Sievers ging in die Mitte der Straße und lauschte. Sie orientierte sich. Dann setzte sie sich zielstrebig in Bewegung, die Idsteiner Straße entlang. Sie verschwand um eine Hausecke.

Bange Minuten vergingen.

Leif lauschte ebenfalls. Mit jeder weiteren Sekunde erwartete er, das Heulen der Schlurfer zu hören, dieses unmenschliche Geräusch, mit dem sie verkündeten, ein weiteres Opfer gefunden zu haben.

Opfer. Das Wort gefiel ihm in diesem Zusammenhang nicht. Es erhöhte die Schlurfer in seinen Augen viel zu sehr, gab ihrem Tun einen unpassend spirituellen Anstrich. Die Schlurfer waren weniger als Tiere, denn ihr Handeln hatte keinen Sinn, außer Leid und Tod. Welches Tier tat so etwas? Welches Tier fraß nur und kümmerte sich sonst um nichts? Beute! Das waren Menschen für die Schlurfer, nichts anderes. Die Untoten jagten und fraßen Menschen, aber das war auch alles. Sie zeugten keine Nachkommen, jedenfalls nicht im üblichen Sinne, sie zeigten überhaupt keine familiären oder sozialen Strukturen. Sie waren eine Masse tödlicher Einzelgänger.

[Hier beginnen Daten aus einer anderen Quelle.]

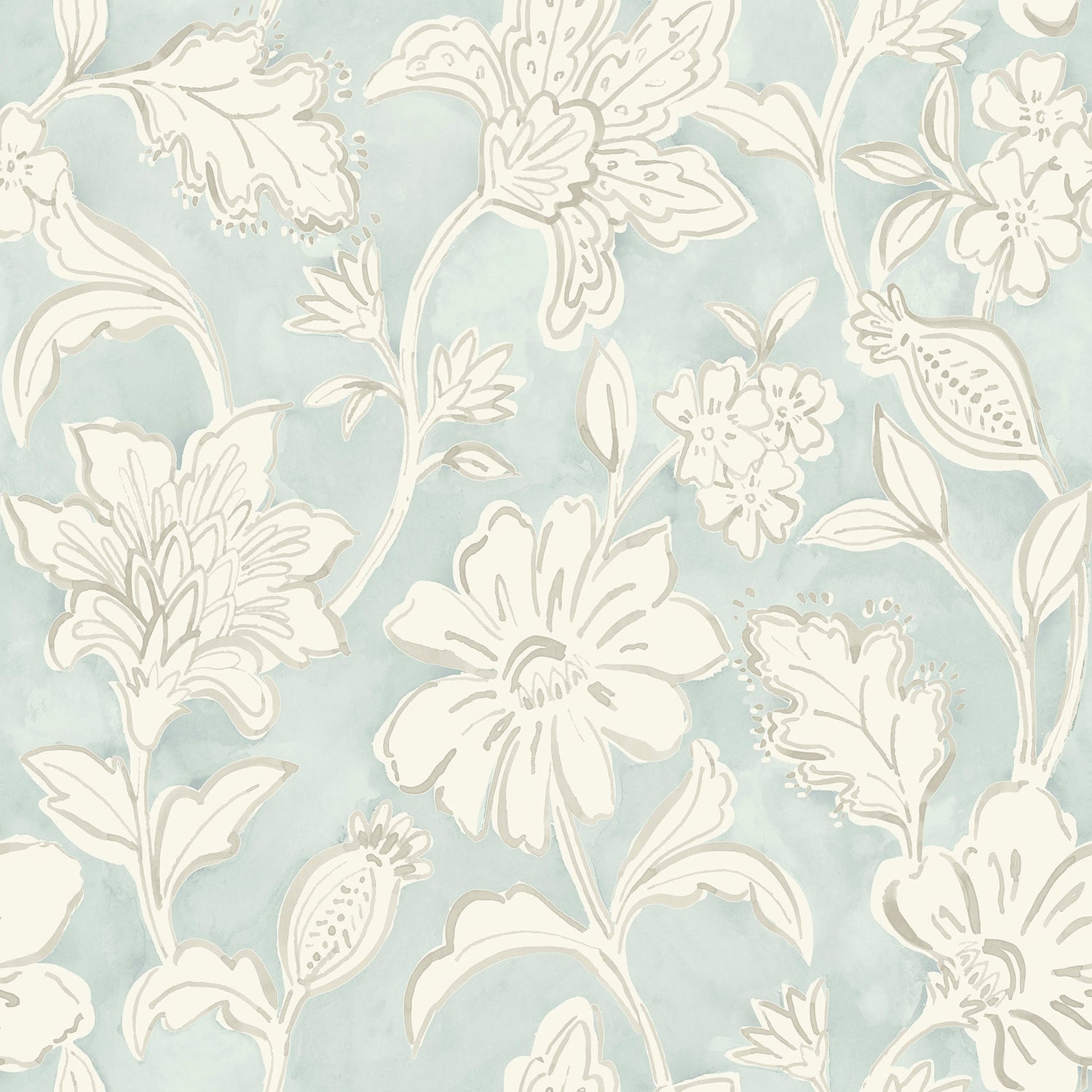 Chesapeake 4071-71038 Plumeria Aqua Floral Trail Wallpaper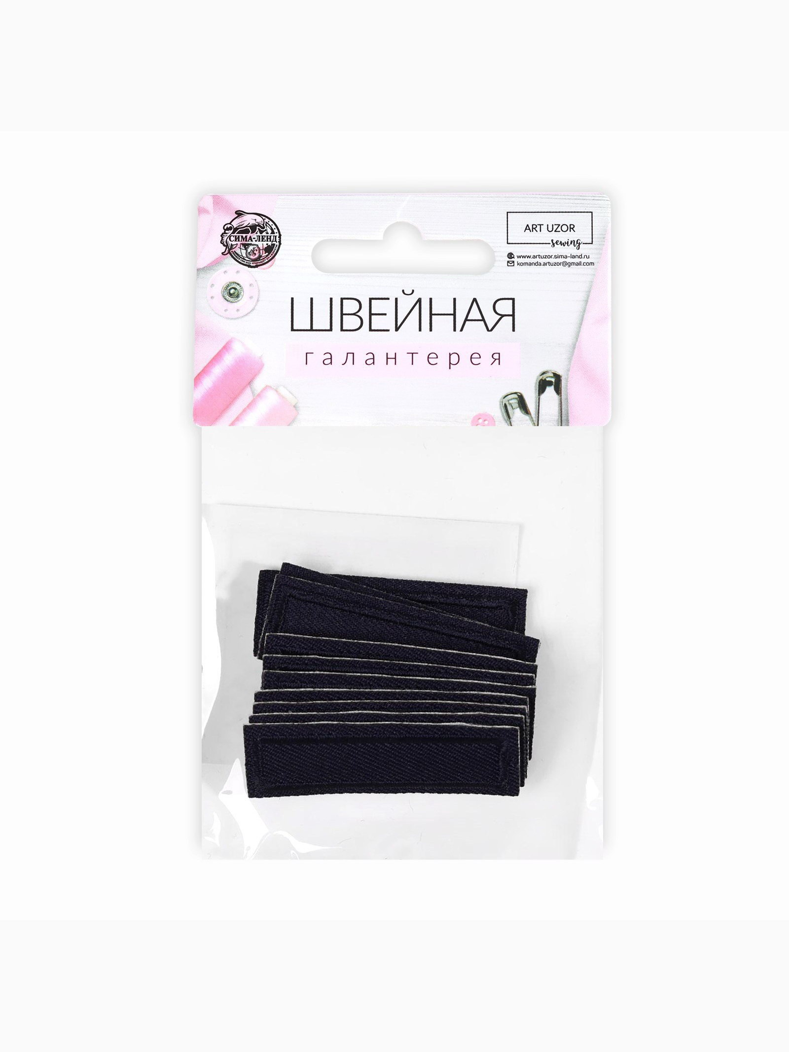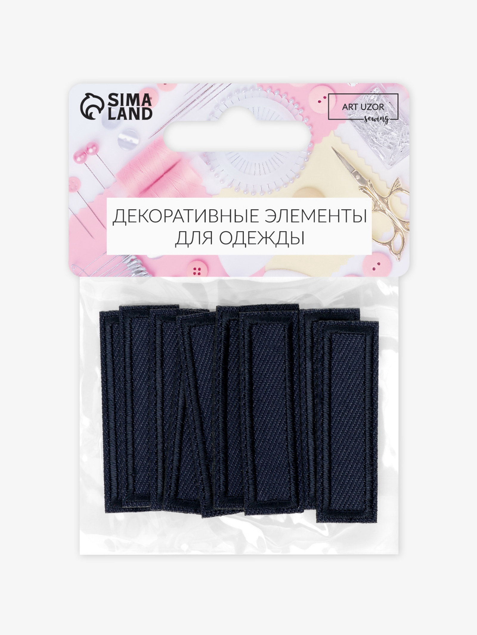 Заплатка для одежды, прямоугольная, 4.2x1 см, термоклеевая, тёмно-синяя, 1x4.2x0.1 см., Арт Узор, Китай

Leif atmete tief durch. Er lehnte sich zurück und spürte das Metall des Kastenwagens in seinem Rücken. Seine Nerven lagen blank, seine Finger waren schweißnass. Ich pack das nicht mehr lange.

Etwas berührte ihn an der Schulter. Fast wäre er aufgesprungen. Aber es war nur Sievers.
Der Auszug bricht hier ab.